To date, there is scarce data on sex differences in the clinical characteristics and outcomes of VTE patients among Asian populations. Clarification of the association between sex and clinical outcome would be clinically important to identify high-risk patients requiring prolonged duration of anticoagulation therapy. Therefore, we sought to evaluate the clinical characteristics and outcomes of men and women with VTE in a large observational study in Japan.
Methods
Study Population
The COMMAND VTE (COntemporary ManageMent AND outcomes in patients with Venous ThromboEmbolism) Registry is a physician-initiated, multicenter cohort study enrolling consecutive patients with acute symptomatic VTE objectively confirmed by imaging examination (ultrasound, contrast-enhanced computed tomography, ventilation-perfusion lung scintigraphy, pulmonary angiography, or contrast venography) or by autopsy in 29 centers in Japan between January 2010 and August 2014.15
The relevant review boards or ethics committees in all 29 participating centers (Supplementary Appendix 1) approved the research protocol. Written informed consent from each patient was waived because we used clinical information obtained in routine clinical practice, and none of the patients refused to participate in the study when contacted for follow-up. This method was concordant with the guidelines for epidemiological studies issued by the Ministry of Health, Labor, and Welfare in Japan.

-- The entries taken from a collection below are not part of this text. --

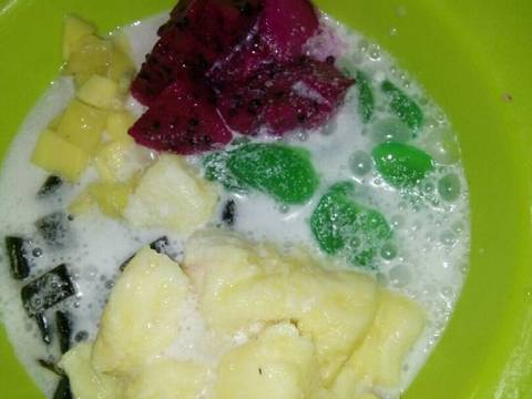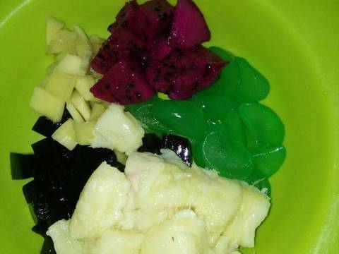 Siapkan semua bahan, potong2 dadu. Rebus kolang kaling dg air, gula & pewarna makanan (bukan dr bahan syrup) tiriskan. -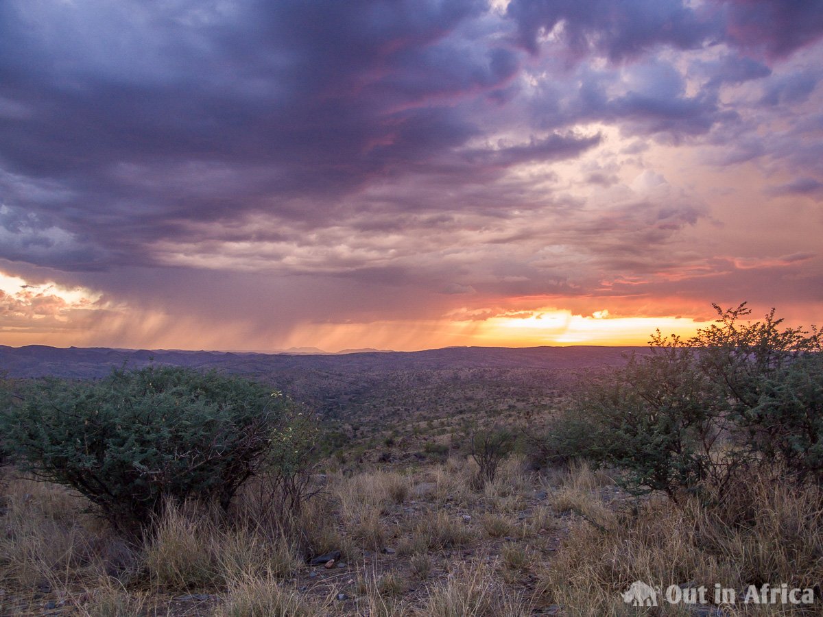 Regen am Us-Pass. Am Horizont der Gamsberg.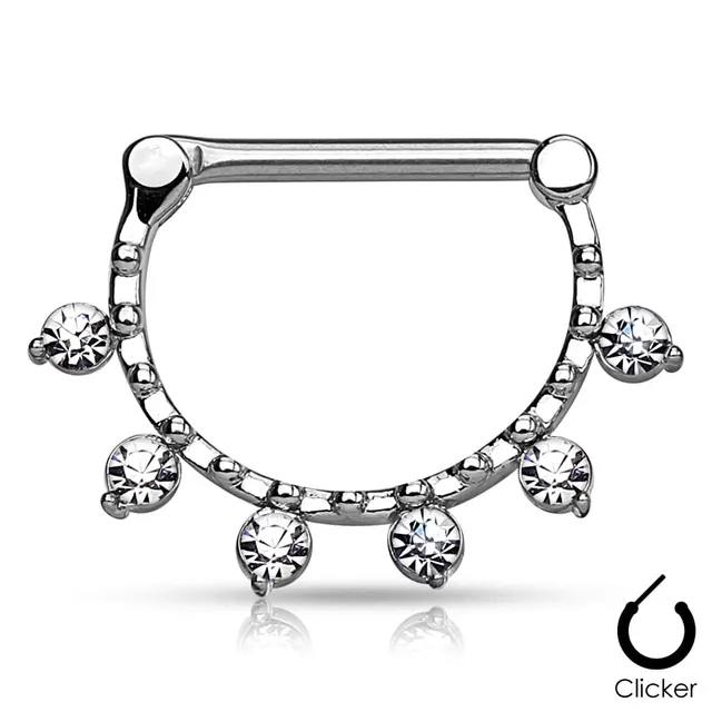 Surgical Steel + 6 Crystal Nipple Clicker 14g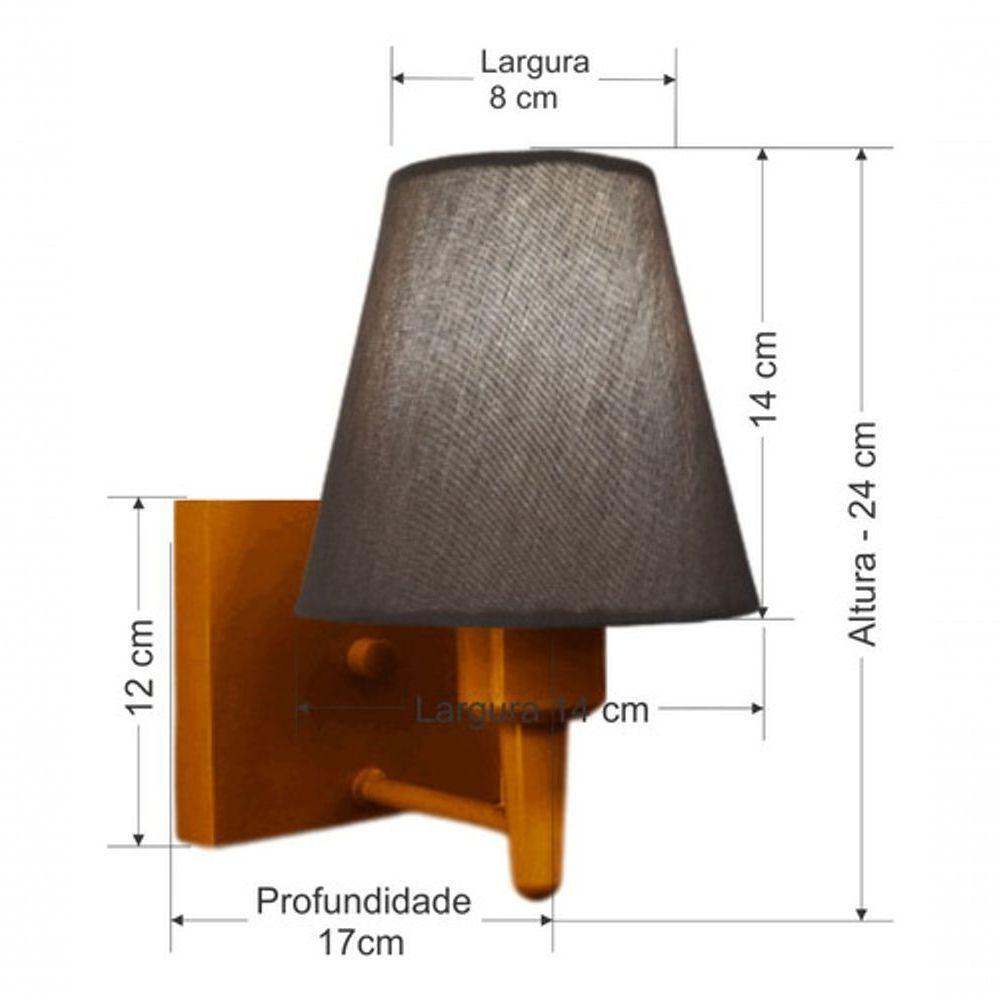 Arandela Quadrada Md-2034 Cobre Cúpula Em Tecido Cone Cinza Escuro - BivoltArandela de parede Quadrada Md-2034 Cobre Cúpula em Tecido Cone Cinza Escuro - BivoltAs arandelas Lustres Vivare são elementos versáteis e elegantes que podem transformar qualquer ambiente em um espaço cheio de estilo. Seja para adicionar uma iluminação suave, destacar uma parede ou criar um efeito de luz diferenciado.Dimensão:Cúpula em Tecido: 14x07x14cmArandela de parede Montada: Altura 24cm Largura 14cm Profundidade 17cmFormato: Quadrado / ConeTamanho: PequenoEspecificação:Material: Cúpula em TecidoEstrutura em AlumínioBase Parede: Quadrado 12x12x2cmResistente: Á MaresiaVoltagem: 110V/220VLiga e Desliga: NãoTipo de Soquete: E27Lâmpada Utilizada: Led Bulbo Até 16w ou Fluorescente Espiral Até 25w cadaCapacidade de Lâmpadas: 1Observação:Acompanha Lâmpada: NãoPossui Led Integrado: NãoGarantia: 12 MesesManual de Instalação: SimArandela de parede Montada: SimControle de Luminosidade: NãoTipo de Embalagem: CaixaConservação e Manutenção do Produto:A Limpeza deve ser realizada com o produto desligado. Remova o lustre que pode ser lavado com sabão neutro. Nunca utilize produtos químicos e abrasivosDica:Antes de comprar o seu produto verifique as medidas, o local onde pretende instalar e se necessário o serviço de um profissional qualificado.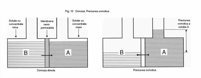 Aplicand solutiei concentrate o presiune superioara presiunii sale osmotice,se obtine procesul invers osmozei,adica apa continuta in solutia mai concentrata va trece fara sarurile continute prin membrana semipermeabila in solutia mai putin concentrata,pierzandu-sisalinitatea si devenind pura -Fig.16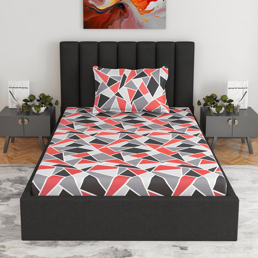 Triangle Red and Grey Print Single Fitted Bedsheet

We referred to the hospital charts for clinical diagnosis and imaging examinations, and enrolled consecutive patients who met the definition of acute symptomatic VTE diagnosed within 31 days from symptom onset during the study period.16
The symptoms of VTE were defined as follows: for PE – sudden-onset dyspnea, pleuritic chest pain, substernal chest pain, cough, fever, hemoptysis, and syncope; for DVT – erythema, warmth, pain, swelling, tenderness, and pain on dorsiflexion of the foot.17,18
Additionally, sudden-onset abnormalities in vital signs such as a decrease in arterial oxygen saturation and hypotension were also regarded as symptoms of PE. The presence or absence of symptoms was evaluated at the time of the imaging studies. Patient management, including the duration of anticoagulation, was left to the discretion of the attending physicians in each participating hospital.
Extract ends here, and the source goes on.